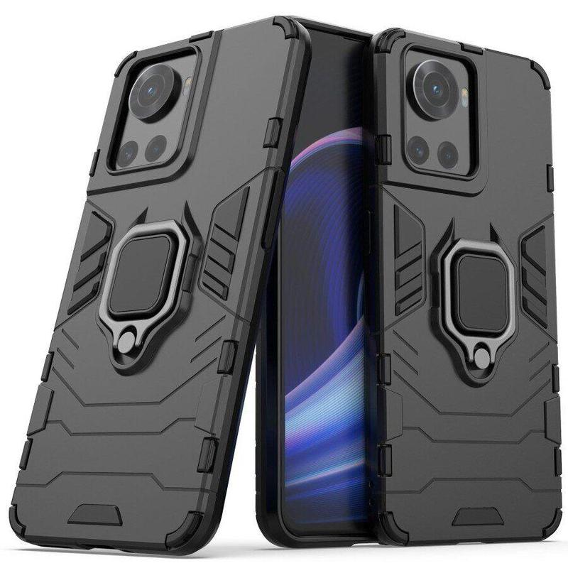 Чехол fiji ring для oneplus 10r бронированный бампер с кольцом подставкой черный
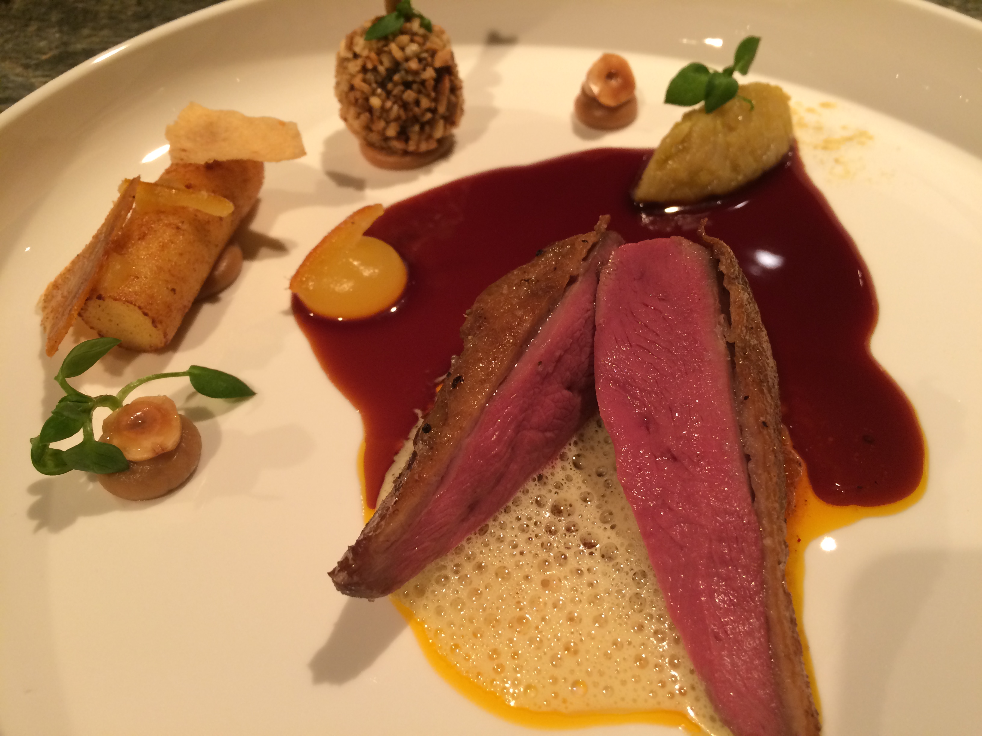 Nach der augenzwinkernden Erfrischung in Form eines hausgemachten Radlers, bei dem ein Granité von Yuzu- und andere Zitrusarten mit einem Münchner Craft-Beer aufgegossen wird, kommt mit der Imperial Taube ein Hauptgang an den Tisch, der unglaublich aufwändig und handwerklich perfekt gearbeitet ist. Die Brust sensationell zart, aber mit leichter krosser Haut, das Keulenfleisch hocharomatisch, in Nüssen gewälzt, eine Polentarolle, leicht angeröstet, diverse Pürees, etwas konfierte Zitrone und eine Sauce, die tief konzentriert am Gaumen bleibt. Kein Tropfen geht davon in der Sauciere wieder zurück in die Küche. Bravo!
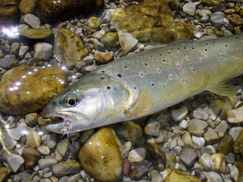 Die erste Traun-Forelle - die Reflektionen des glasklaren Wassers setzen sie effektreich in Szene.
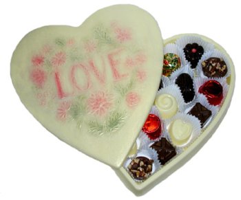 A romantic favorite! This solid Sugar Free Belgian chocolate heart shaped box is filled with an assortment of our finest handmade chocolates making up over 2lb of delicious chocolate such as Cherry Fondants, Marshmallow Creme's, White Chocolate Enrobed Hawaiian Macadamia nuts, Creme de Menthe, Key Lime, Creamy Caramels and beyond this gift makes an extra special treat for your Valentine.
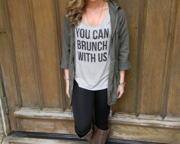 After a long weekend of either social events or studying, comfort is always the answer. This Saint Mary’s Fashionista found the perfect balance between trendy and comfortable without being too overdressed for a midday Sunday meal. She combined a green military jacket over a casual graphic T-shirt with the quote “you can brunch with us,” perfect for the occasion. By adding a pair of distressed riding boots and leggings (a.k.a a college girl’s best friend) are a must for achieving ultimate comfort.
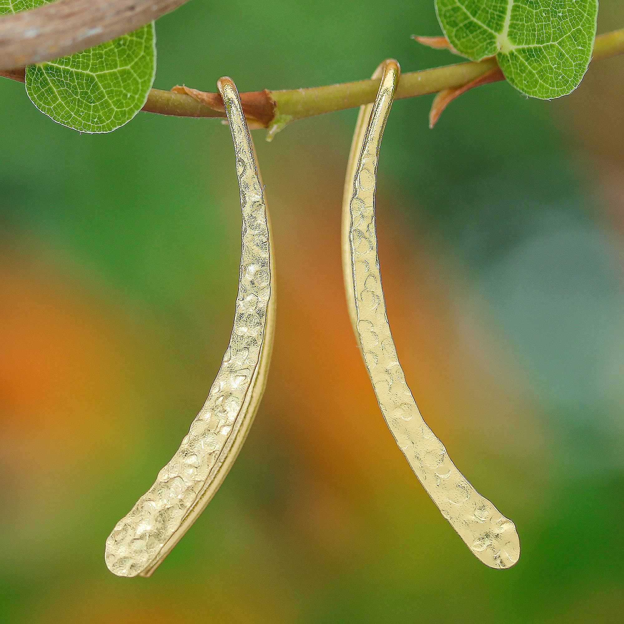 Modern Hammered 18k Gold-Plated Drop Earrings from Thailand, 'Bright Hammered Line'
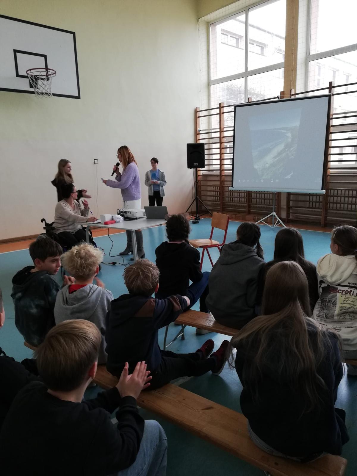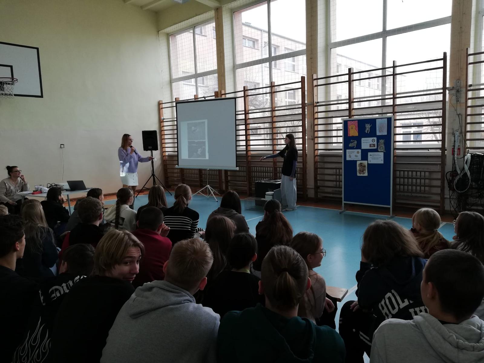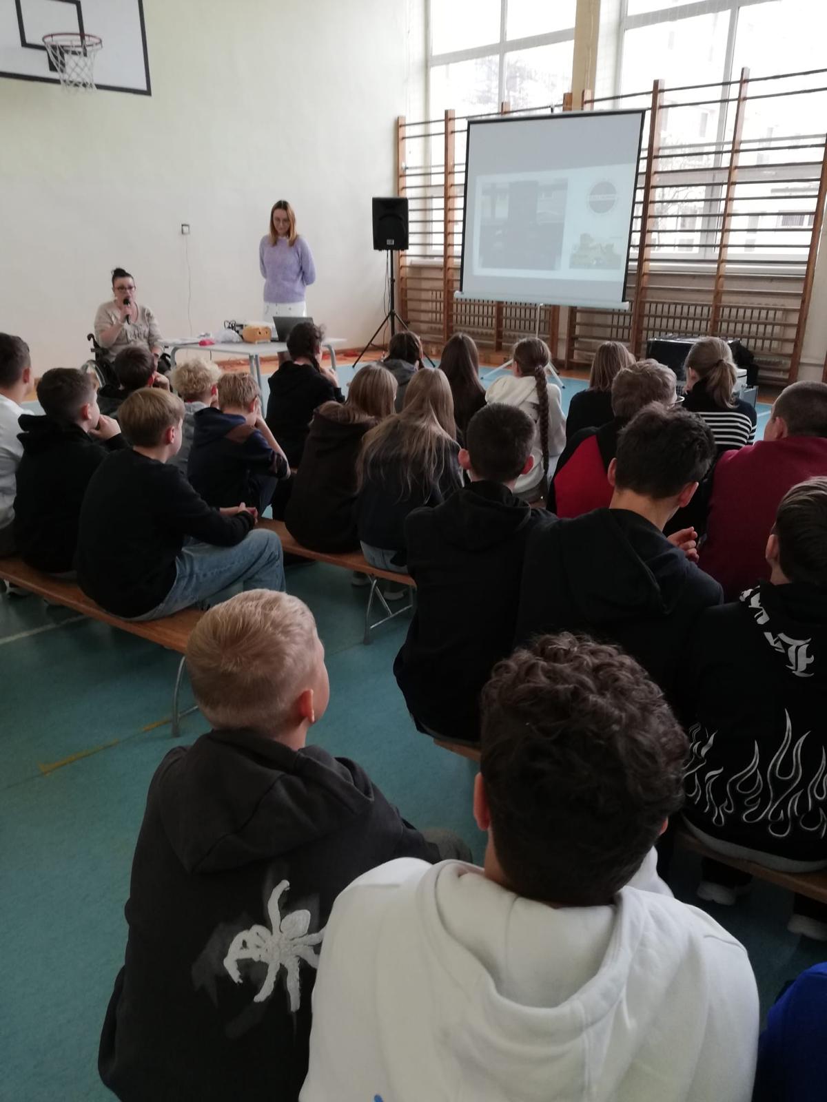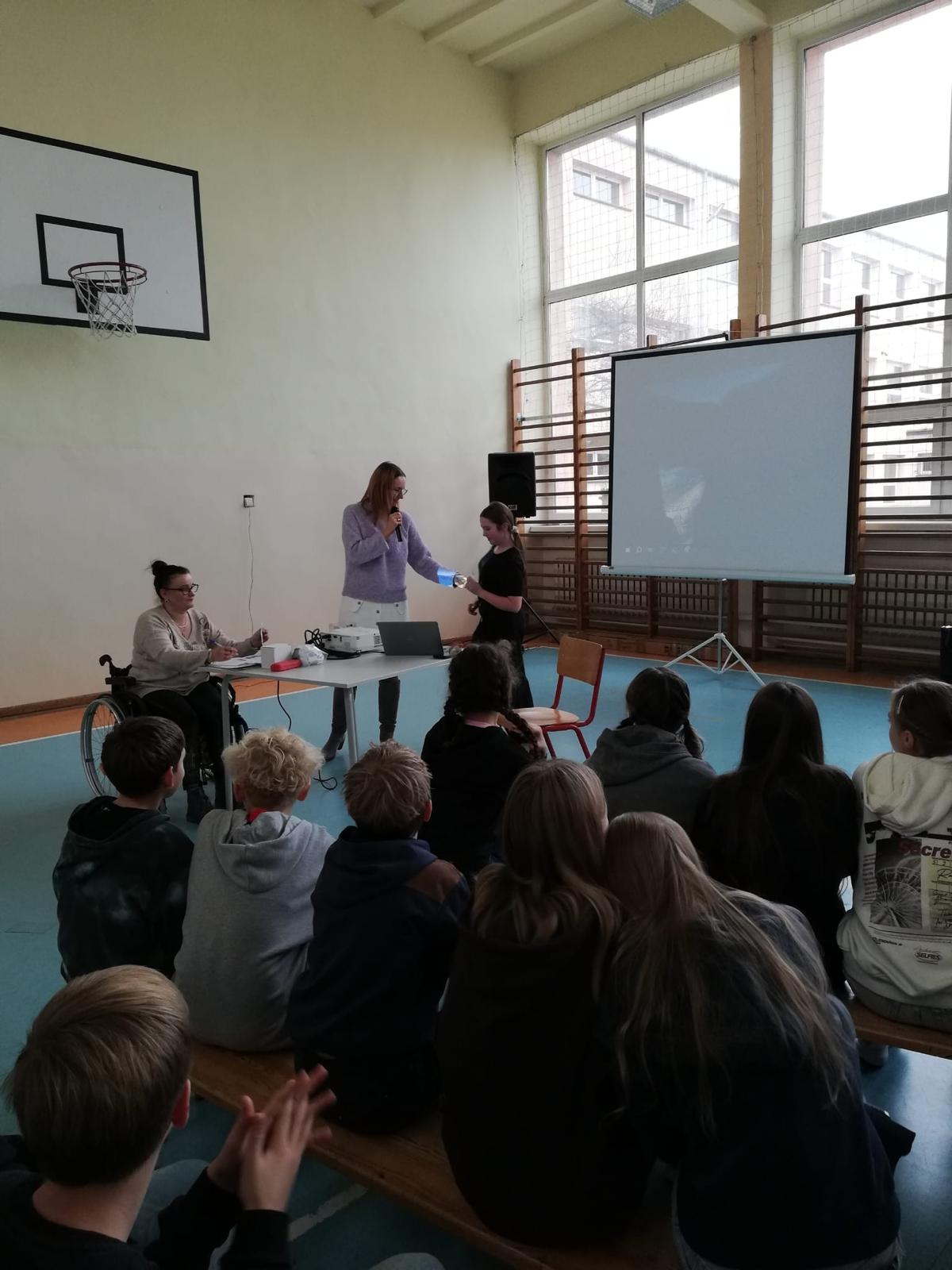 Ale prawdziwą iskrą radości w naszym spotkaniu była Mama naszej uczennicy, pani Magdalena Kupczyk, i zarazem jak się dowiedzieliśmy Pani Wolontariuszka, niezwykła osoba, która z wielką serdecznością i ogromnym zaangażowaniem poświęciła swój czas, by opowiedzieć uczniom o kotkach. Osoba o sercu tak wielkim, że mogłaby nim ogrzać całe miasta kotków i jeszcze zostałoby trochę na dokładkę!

TRY IT
Print out the entries above word for word from the first line to the line containing "Nach der augenzwinkernden", both included, omitting the pictures.

FINISHED EXERCISE
 Чехол fiji ring для oneplus 10r бронированный бампер с кольцом подставкой черный
 Nach der augenzwinkernden Erfrischung in Form eines hausgemachten Radlers, bei dem ein Granité von Yuzu- und andere Zitrusarten mit einem Münchner Craft-Beer aufgegossen wird, kommt mit der Imperial Taube ein Hauptgang an den Tisch, der unglaublich aufwändig und handwerklich perfekt gearbeitet ist. Die Brust sensationell zart, aber mit leichter krosser Haut, das Keulenfleisch hocharomatisch, in Nüssen gewälzt, eine Polentarolle, leicht angeröstet, diverse Pürees, etwas konfierte Zitrone und eine Sauce, die tief konzentriert am Gaumen bleibt. Kein Tropfen geht davon in der Sauciere wieder zurück in die Küche. Bravo!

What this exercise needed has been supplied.